Institutional ineffectiveness is a threat to democracy


Executive director of the anti-graft watchdog Transparency International Bangladesh (TIB), Iftekharuzzaman, talks to Prothom Alo in an exclusive interview on various issues including corruption and the country's prevailing political situation.

Full text of the interview:

Prothom Alo: You have done a lot to ensure transparency, but some simply turn away from this.

Iftekharuzzaman: Of the two decades that we have been working for so far, we have worked most actively in the last one decade. There has been some negative reaction. The organisations on which reports were done, were unwilling to talk. However, they have changed their mindset. We have a schedule to talk to the local government minister. People follow the recommendations too. After the formation of the new cabinet, our recommendations were sent to several ministries. We expect positive response from all of them.
Prothom Alo: After the report on BGMEA, there was then an outcry over the recent report on WASA. Did you talk to WASA authorities?

Iftekharuzzaman: We involved WASA at the very outset of this study. We did the same when preparing the report on BGMEA (Bangladesh Garment Manufacturers and Exporters Association). They provided information despite negative attitudes in some cases. After preparing the primary report, we met with them. We held a number of meetings with the managing director of WASA and his team. In the beginning, they advised us about the design of research. We couldn't follow this process properly with BGMEA, due to their elections and the demolition of the BGMEA building. They took the draft report saying they would provide us with written comments. We didn’t get any response from them as yet. We discuss the draft with the organisations on which we prepare reports and send the report to them on the day of the launching.

Prothom Alo: Why did WASA reject the report despite their participation in entire process?

Iftekharuzzaman: We are surprised. We discussed the study with them in detail. The managing director joined in more than one discussion and provided information and advice. And yet the WASA MD at a press conference claimed that we did not engage them. That is not correct. We did. In fact, his reactions have taken a political shape.

Prothom Alo: Did the WASA MD Taksim A Khan know you are carrying out the study based on information provided by WASA?

Iftekharuzzaman: Of course he was aware. He and his two directors joined in the discussions ahead of launching the report.

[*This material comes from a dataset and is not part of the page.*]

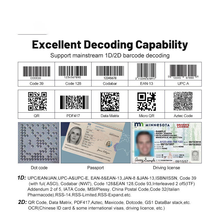 Capacidades de Decodificación:Código 1D + 2D + QR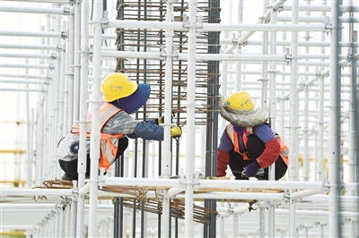 工人在盘扣式脚手架上施工

Prothom Alo: In the past you had talked about the corruption of a section of police force. Can WASA be accused in the same way? What about the others? Are they standing up against corruption?

Iftekharuzzaman: I am sure some put up an effort against corruption, but don't succeed. The power is entirely centralised in WASA. Certain quarters are misusing power. Many of the others came up with documents before and after the publication of the report. They provided information abuts the irregularities taking place, but they cannot talk about this publicly.

Prothom Alo: You explained to the media about the real wages of readymade garment workers. Do their actually wages decrease instead of increase?

Iftekharuzzaman: As per the act of 2013, wages increase five per cent automatically. It is not a matter of negotiation. The claim of the new wage increase was based on the increase over the past five years. So the claim of 26 per cent wage increase is not true. The wages, which are increased automatically and as per law, have been publicised as a fixation of new wages.

Prothom Alo: Bangladesh has slipped down four steps in the corruption index. What does this signify? The ACC chairman claims TIB is biased. Have you taken any steps to explain this?

Iftekharuzzaman: We are waiting to directly discuss the matter with ACC (Anti-Corruption Commission). We have some sort of love-hate relationship with ACC. In one sense, the ACC was born out of our efforts. We provide various technical support as per our capacity as we want to see an effective ACC. As it is our responsibility to identify their deficiencies, they sometimes are displeased with us. Despite that, a MoU signed with them has been renewed for the second time. We hope that it will be signed for the third time too.

Prothom Alo: The ACC chairman joined with a commitment to make ACC more effective and do something good. How has he fared?

Iftekharuzzaman: I agree that he generated expectations. A quarter within the government thinks ACC has been created by the government, so it is an organisation of the government. It is not supposed to be like that. ACC is the apex body to ensure accountability of the government. A quarter of the government does not want to admit this and so they create pressure on the ACC. In more than one research we have seen, the legal and organisational structure of ACC is enough to work effectively.

Prothom Alo: Following a recent enactment of law, you said there are no words enough for condemnation.

Iftekharuzzaman: When the civil service act reinstates the provision that it would require prior permission to sue government officials, this would certainly curb the independence of ACC. We were stunned when ACC said this would not affect their activities. That was not true. Now we are getting the proof of this. The ACC is trying to bring lower and mid level officials under accountability, but the senior level. They are working on some organisations and advising them. That is more the work of any NGO. The function of ACC is to find out who are involved in corruption and file cases against them. Methods of corruption are being modernised continuously, but ACC cannot keep up. It hasn't increased its capacity to identify these new methods of corruption and take action accordingly. A large number of officials of the erstwhile Anti Corruption Bureau simply continue in the culture of the Bureau. Although ACC is an independent organisation, many high officials including its directors general, who are appointed on deputation, are loyal to the government. They are lax because they do not want to embarrass the government. This is reflected in the performance of the ACC.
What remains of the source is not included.